I traced the model for later C++ usage.

#define CV_8UC3 CV_MAKETYPE(CV_8U,3)
#include <torch/script.h> // One-stop header.
#include <iostream>
#include <memory>
#include<opencv2/opencv.hpp>
#include <opencv2/core/core.hpp>
#include <opencv2/imgproc/imgproc.hpp>
#include <opencv2/highgui/highgui.hpp>
#include <opencv2/imgproc/types_c.h>
#include <cuda.h>
#include <cuda_runtime.h>

using namespace cv;
using namespace std;

int main() {
    std::string model_path = "D:/project/WDD/model_cpu.pt";
    std::string image_path = "D:/data/glass_crack/converted/84/img.png";

    torch::jit::script::Module model = torch::jit::load(model_path);
    assert(module != nullptr);
    std::cout << "load model sucessfully.\n";

    //load img and normalize
    Mat img = imread(image_path, 1); 
    cv::cvtColor(img, img, CV_BGR2RGB);
 
    if (img.empty())
    {
        printf("could not show image...");
        return -1;
    }
    
    cv::Mat img_float;
    img.convertTo(img_float, CV_32FC3, 1.0f / 255.0f); 

    auto tensor_image = torch::from_blob(img_float.data, { 1, img.cols, img.rows, 3 });
    tensor_image = tensor_image.permute({ 0, 3, 1, 2 });
    //normalize
    tensor_image[0][0] = tensor_image[0][0].sub(0.485).div(0.229); 
    tensor_image[0][1] = tensor_image[0][1].sub(0.456).div(0.224);
    tensor_image[0][2] = tensor_image[0][2].sub(0.406).div(0.225);

    std::vector<torch::jit::IValue> inputs;
    inputs.emplace_back(tensor_image);

    // Execute the model and turn its output into a tensor.
    at::Tensor out_tensor = model.forward(inputs).toTensor();

    // convert result to CV mat and save
    out_tensor = out_tensor.squeeze().detach(); 
    out_tensor = out_tensor.mul(255).clamp(0, 255).to(torch::kU8);
    std::cout << out_tensor.sizes() << '\n';
    cv::Mat resultImg(img.rows, img.cols, CV_8UC3);
    std::memcpy((void*)resultImg.data, out_tensor.data_ptr(), sizeof(torch::kU8) * out_tensor.numel());
    imwrite("landscape_output.jpg", resultImg);
    std::cout << "Done!\n";
    while (1);
}

it loaded model and did forward sucessfully, however, the problem is the output. The output:
捕获
the output is not as expected, totally nonsense…

can someone help?

Could you try to permute the dimensions again to NHWC before converting the output to an OpenCV array?

thanks for reply~
the output mask has a shape of [N, C, H, W], here N =1, C=1.
after

out_tensor = out_tensor.squeeze().detach(); 

out_tensor’s shape: [H, W].

As you recommend:

ut_tensor = out_tensor.squeeze(0).detach().permute({ 1,2,0 });

I use this line of code instead. so the shape become: [H, W, 1]. the mask:
landscape_output
not working…

I find that C = 1, so I changed

cv::Mat resultImg(img.rows, img.cols, CV_8UC3);

to

cv::Mat resultImg(img.rows, img.cols, CV_8UC1);

then the predicted mask:
landscape_output

Thanks for the update!
The current output still looks as if the copying of the data is running into a row/columns mismatch.
You see these diagonal “edges”, which would correspond to the desired width, but are shifted in each row.
I would recommend to check the shape of the output, the created OpenCV image and make sure that the output tensor is contiguous in memory.
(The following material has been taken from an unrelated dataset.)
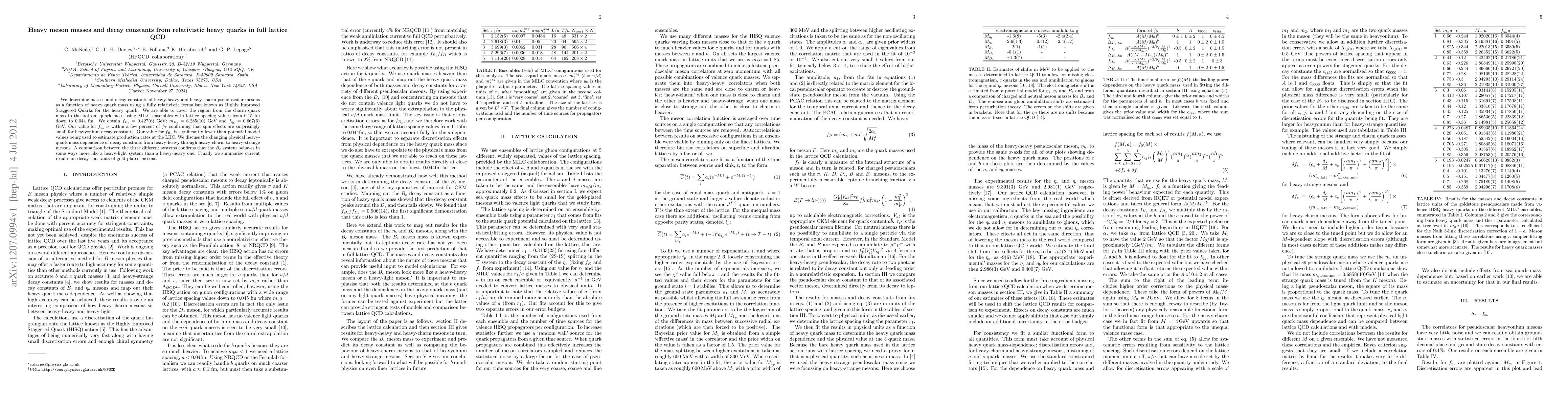 This paper determines the masses and decay constants of heavy-heavy and heavy-charm pseudoscalar mesons using relativistic heavy quarks in full lattice QCD. The study reveals that the decay constant f_{B_c} is significantly lower than potential model estimates, and f_{\eta_b} is close to f_{\Upsilon}, indicating minimal spin effects.

problem solved. thanks for help.

Yes, the row/col problem. the seg model should outputs a mask which has the same shape of input image. However, a input image with 450x650 has a predicted mask of shape 448x648. python predicts the same shape but libtorch does not.
so I modified:

cv::Mat resultImg(out_tensor.sizes()[0], out_tensor.sizes()[1], CV_8UC1);

problem solved.
landscape_output

Good to hear you solved the issue!
However, why doesn’t libtorch output the same shape as the Python model?
Did you narrowed down this issue, as it sounds like a bug.

caffe has a differnent implementation of convolutional layers compared with pytorch.
if the code of libtorch comes from caffe, then it explains why.